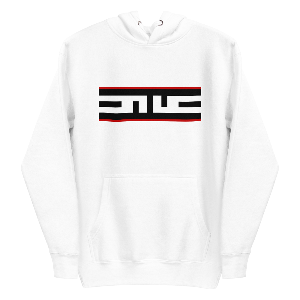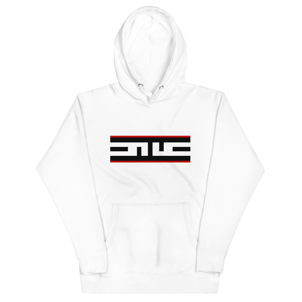 The Red Label collection is highlighted by this snow white hoodie. This classic streetwear piece of apparel with a convenient pouch pocket and warm hood for chilly evenings.
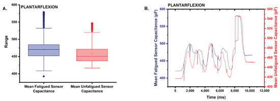 (A) Box plot of the statistics comparing the mean capacitance of the fatigued sensor to that of the unfatigued sensor in plantarflexion. Note that the mean capacitance is higher for the fatigued sensor. (B) Plot comparing the mean capacitance of the fatigued sensor to the unfatigued sensor during the plantarflexion trials.
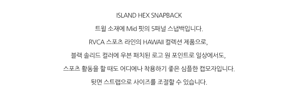 루카 아일랜드 헥스 스냅백 (VF33CP008BLK)
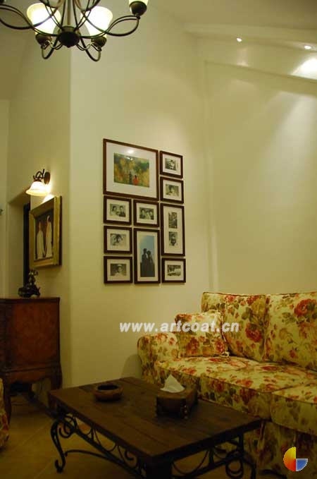 沙发边的照片墙,选了很多我们两人小时候的照片,装照片的那天晚上,是我们两个第一次在工作室里并肩坐着,身后的留声机放着蔡琴的歌,我们一张张交换着把对方小时候的模样儿装进相框,心理暖融融的,结婚那天,很多亲朋都驻足在这面墙壁前,我想,我们把这种暖融也带给了他们吧。
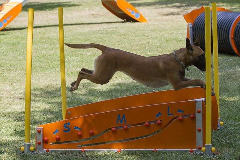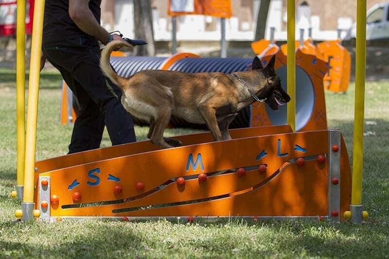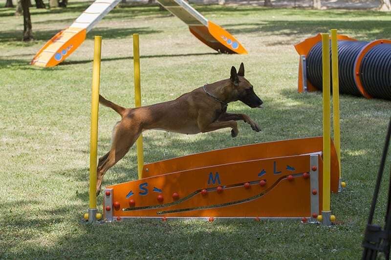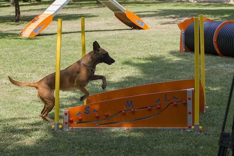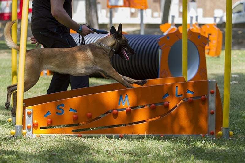 Rueda de salto ajustable apta para categorías S, M y L, conforme a los Federación Canina Internacional.
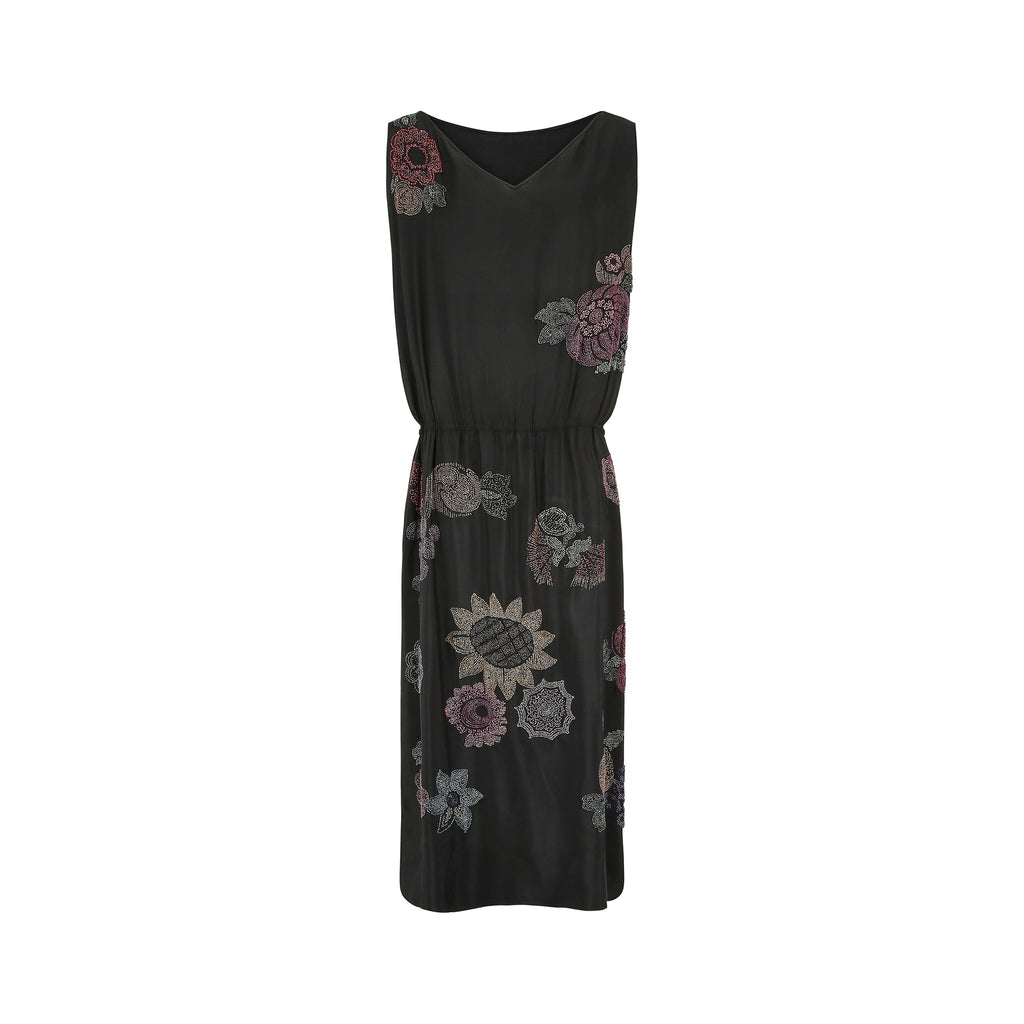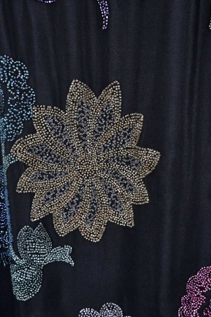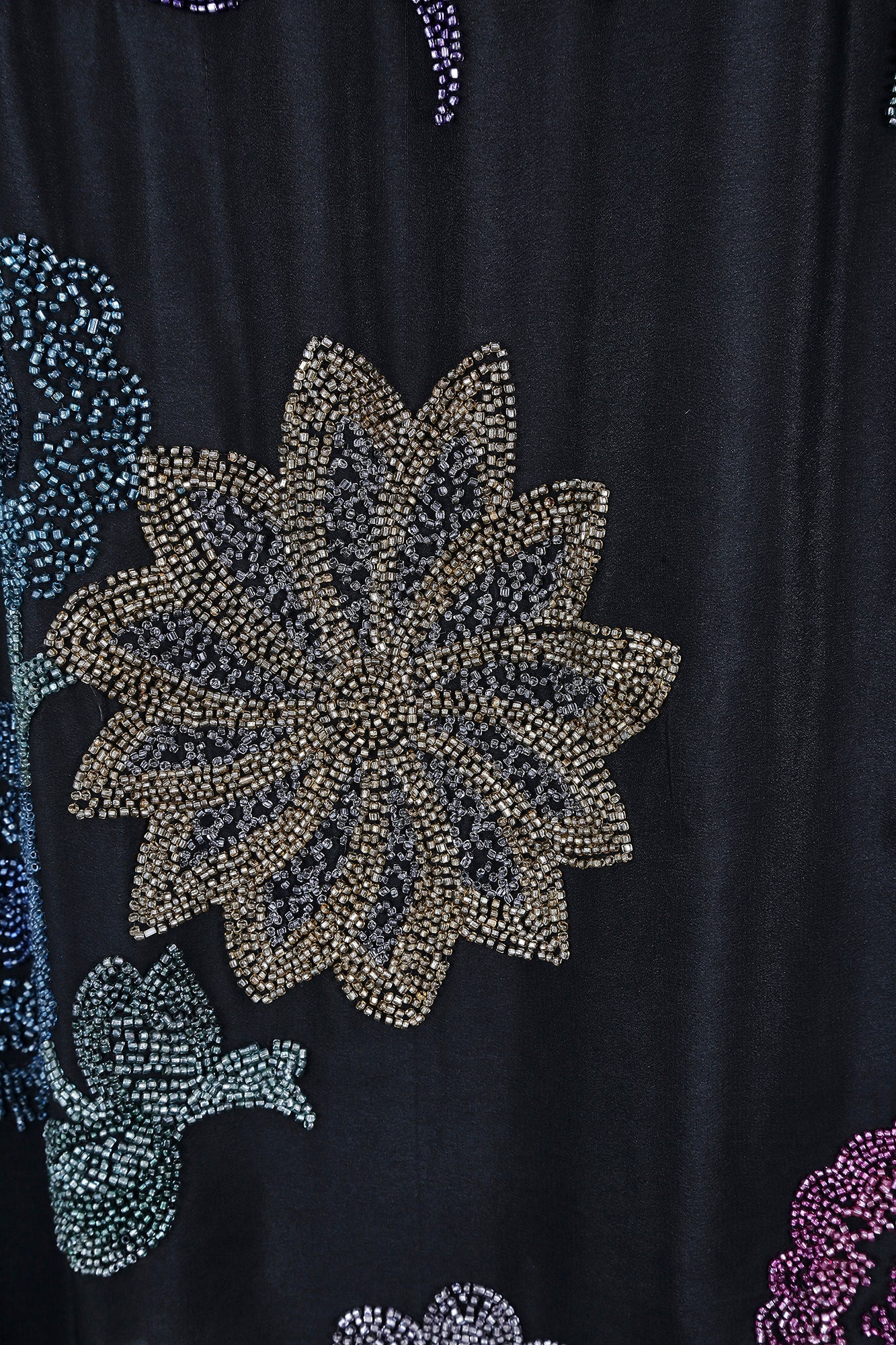 1920s House of Adair Floral Black Crepe Beaded Flapper Dress

__What you should do__.
Your task is to retype the records above in full and exactly, omitting the pictures.

__Output__.
 The Red Label collection is highlighted by this snow white hoodie. This classic streetwear piece of apparel with a convenient pouch pocket and warm hood for chilly evenings.
 (A) Box plot of the statistics comparing the mean capacitance of the fatigued sensor to that of the unfatigued sensor in plantarflexion. Note that the mean capacitance is higher for the fatigued sensor. (B) Plot comparing the mean capacitance of the fatigued sensor to the unfatigued sensor during the plantarflexion trials.
 루카 아일랜드 헥스 스냅백 (VF33CP008BLK)
 沙发边的照片墙,选了很多我们两人小时候的照片,装照片的那天晚上,是我们两个第一次在工作室里并肩坐着,身后的留声机放着蔡琴的歌,我们一张张交换着把对方小时候的模样儿装进相框,心理暖融融的,结婚那天,很多亲朋都驻足在这面墙壁前,我想,我们把这种暖融也带给了他们吧。
 Rueda de salto ajustable apta para categorías S, M y L, conforme a los Federación Canina Internacional.
 1920s House of Adair Floral Black Crepe Beaded Flapper Dress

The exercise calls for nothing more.